S&V relèvent cependant un bémol qui a trait à la confidentialité des investissements :
« […] Depuis le 1er janvier 2021, les coffres-forts anonymes tombent sous coup de la juridiction nationale, conformément à la cinquième directive anti-blanchiment de l’UE. Un amendement de 2021 à la loi sur le registre des comptes et l’inspection des comptes (KontRegG) a rétroactivement ajouté à son registre tous les coffres-forts à compter du 1er janvier 2015.
Cependant, grâce au système juridique solide et éprouvé de l’Autriche, on peut supposer que le contournement du secret bancaire ne se fera que par décision judiciaire. »
Ma foi, croisons les doigts…
Et les deux Autrichiens de conclure :
« Dans l’ensemble, l’Autriche mérite sans aucun doute la réputation selon laquelle le pays est l’un des meilleurs endroits au monde pour le stockage d’or. »
« L’un des meilleurs endroits » seulement en effet, car le lecteur qui aurait lu les billets que j’ai consacrés au Liechtenstein et à la Suisse aurait tout à fait le droit de penser qu’il existe des solutions encore plus avantageuses pour stocker son or à quelques encablures de la France.
Voilà pour l’Europe.
Je vous propose maintenant de profiter de l’été pour changer de continent…
Zoom sur les Etats-Unis : une solution « moyenne » réservée aux Américains
A l’époque où je rédigeais mon livre (2012-2013), je n’avais pas retenu les Etats-Unis dans la liste des pays que je recommandais pour stocker ses métaux précieux.
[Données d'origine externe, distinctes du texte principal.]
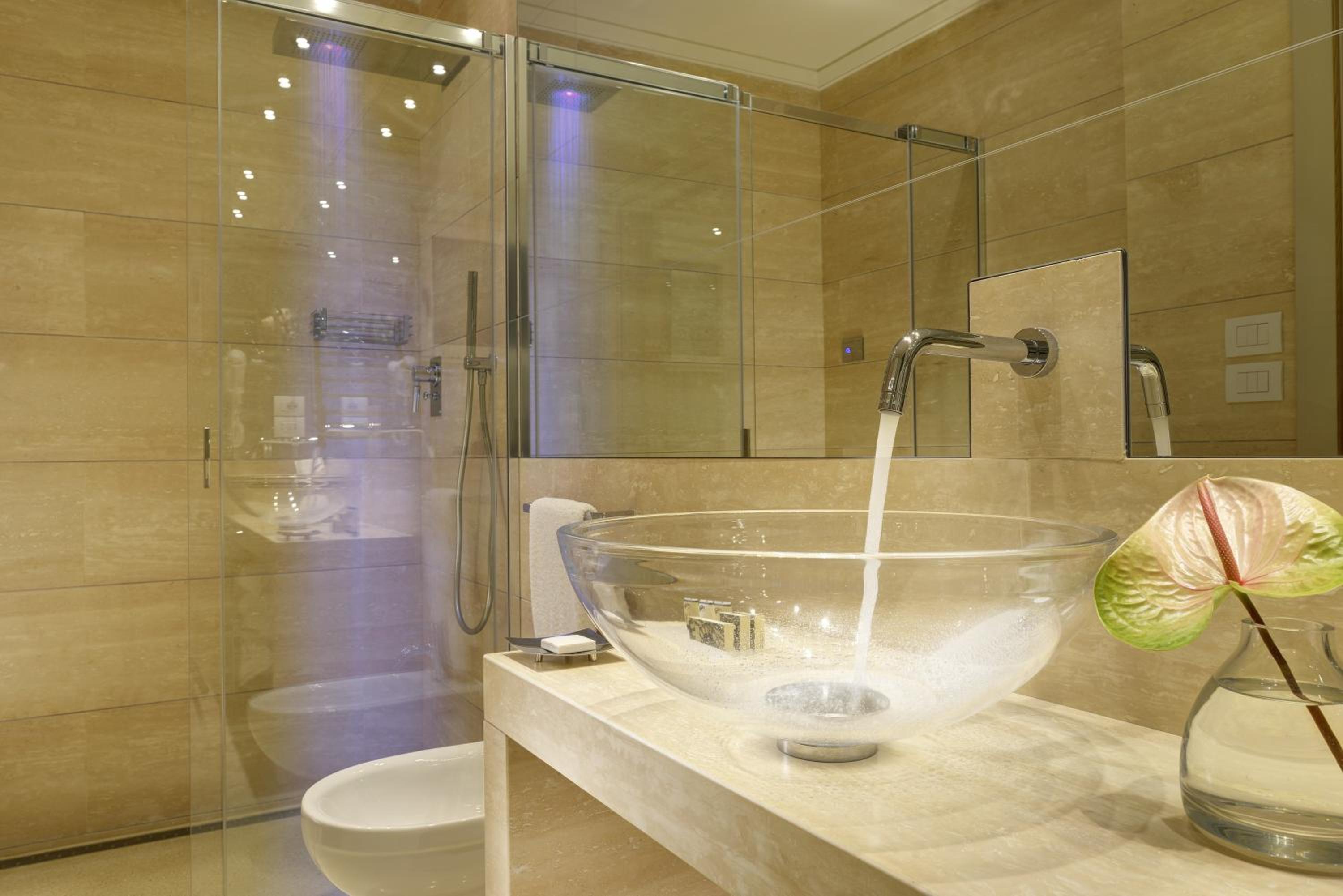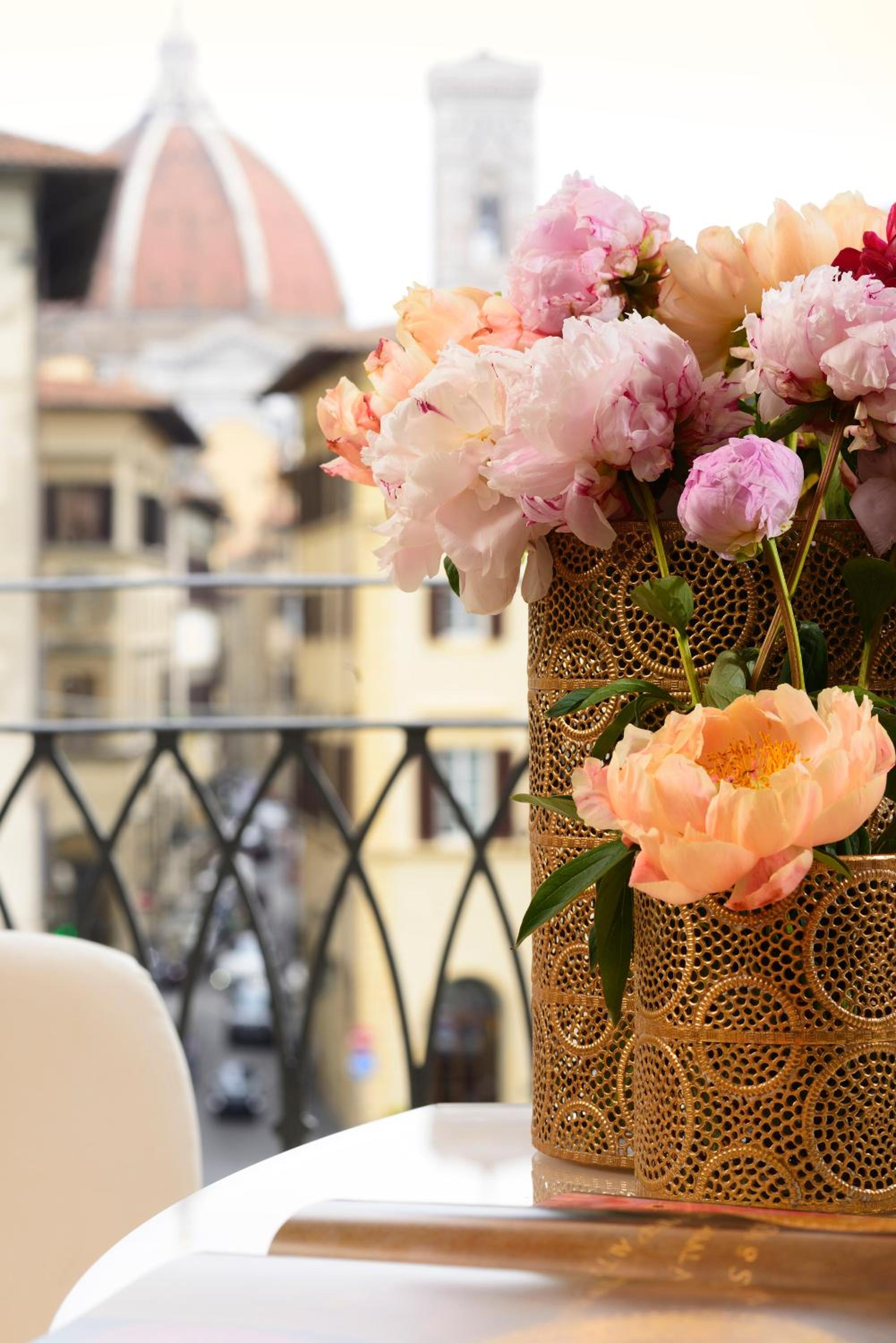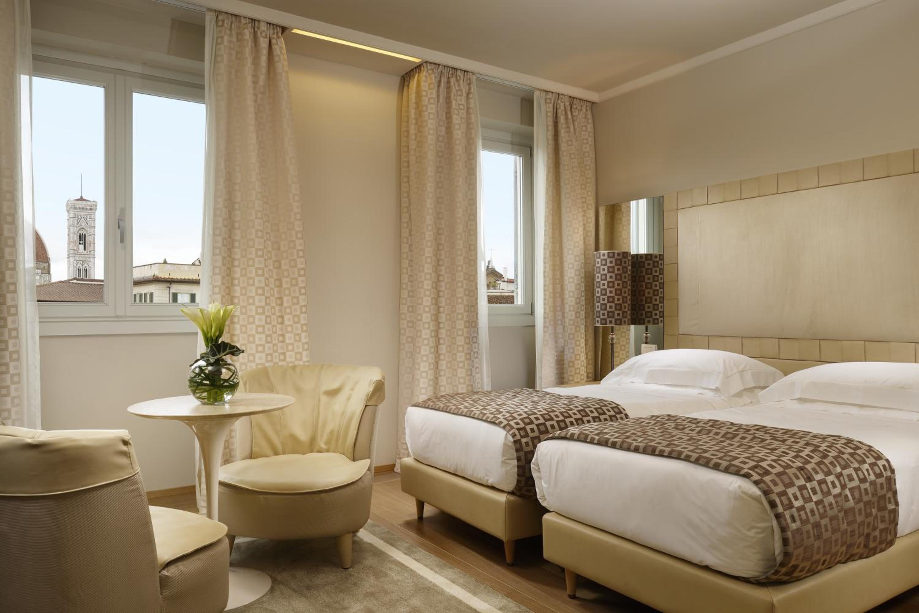 Each of the hotel’s modern rooms is a testament to elegant decor, equipped with minibars, Wi-Fi, and flat-screen TVs. Not to mention the thoughtful addition of tea and coffee making facilities for those cozy mornings in bed. Opt for an upgraded room, and be rewarded with mesmerizing views of Florence’s landmarks. The suites are a notch above, featuring sitting areas, marble bathrooms, balconies, and romantic 4-poster beds. And for your convenience, room service is always just a call away.

Les raisons de ce choix étaient assez évidentes : il s’agissait de l’épicentre de la dernière Grande crise financière et l’Etat fédéral n’avait depuis lors jamais cessé d’accroître son niveau d’endettement (à l’instar en particulier des entreprises non-financières), sans compter le très mauvais souvenir qu’a laissé la réquisition de l’or des Américains par le président Roosevelt en 1933, et l’interdiction consécutive pour les citoyens américains de posséder de l’or physique jusqu’en 1975.
Bref, autant vous dire que j’ai été surpris de voir le pays de l’Oncle Sam figurer au menu des destinations où stocker son métal jaune dans la dernière édition du rapport IGWT.
Spoiler : S&V ne disent pas que du bien des Etats-Unis, mais ils remettent un certain nombre de pendules à l’heure.
Les deux Autrichiens commencent par rappeler que le succès américain repose sur sa Constitution de 1787, laquelle « consacre les libertés individuelles et limite les pouvoirs du gouvernement », soulignent S&V.
Le contrat social américain a en effet joué un rôle majeur dans le fait que les Etats-Unis sont devenus une nation bardée de superlatifs : « elle possède la plus grande économie au monde, elle domine la recherche scientifique et elle est, de loin, la première puissance militaire au monde », comme le rappellent S&V.